Now, if I change the first line to:
SparkConf conf = new SparkConf().setAppName("myFirstJob").setMaster("spark://10.0.100.120:7077");
It goes well to:
Hello, Remote Spark v.1.6.1
16/07/12 10:58:34 WARN TaskSchedulerImpl: Initial job has not accepted any resources; check your cluster UI to ensure that workers are registered and have sufficient resources
16/07/12 10:58:49 WARN TaskSchedulerImpl: Initial job has not accepted any resources; check your cluster UI to ensure that workers are registered and have sufficient resources
The first thing which is strange (for me) is that the server has Spark 1.6.2. I was kind of expecting to see 1.6.2 as the version number.

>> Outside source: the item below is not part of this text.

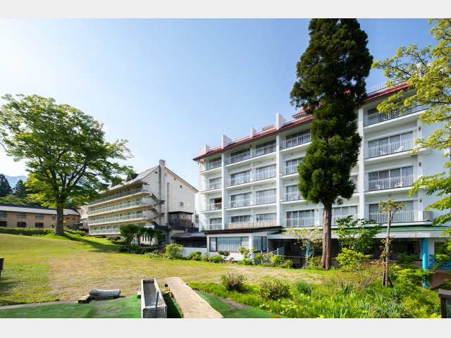 妙高高原の中腹、赤倉温泉街の中央、高台に位置し、全客室よりの眺望はすべて素晴らしく、白樺に囲まれた広い芝生の庭に囲まれた5階建白亜の建物は高原によく映えています。料理はホテルオリジナル和洋折衷会席で大好評を得ています。また当地方随一の信用を誇っています。

Then on the UI, I go there and see:
If I click on app-20160712105816-0011, I get:
Any click on other link will bring me to my local Apache Spark instance.
After clicking around, I can see something like:
And if I look at the log on the server I see:
16/07/12 10:37:00 INFO Master: Registered app myFirstJob with ID app-20160712103700-0009
16/07/12 10:37:03 INFO Master: Received unregister request from application app-20160712103700-0009
16/07/12 10:37:03 INFO Master: Removing app app-20160712103700-0009
16/07/12 10:37:03 INFO Master: 10.0.100.100:54396 got disassociated, removing it.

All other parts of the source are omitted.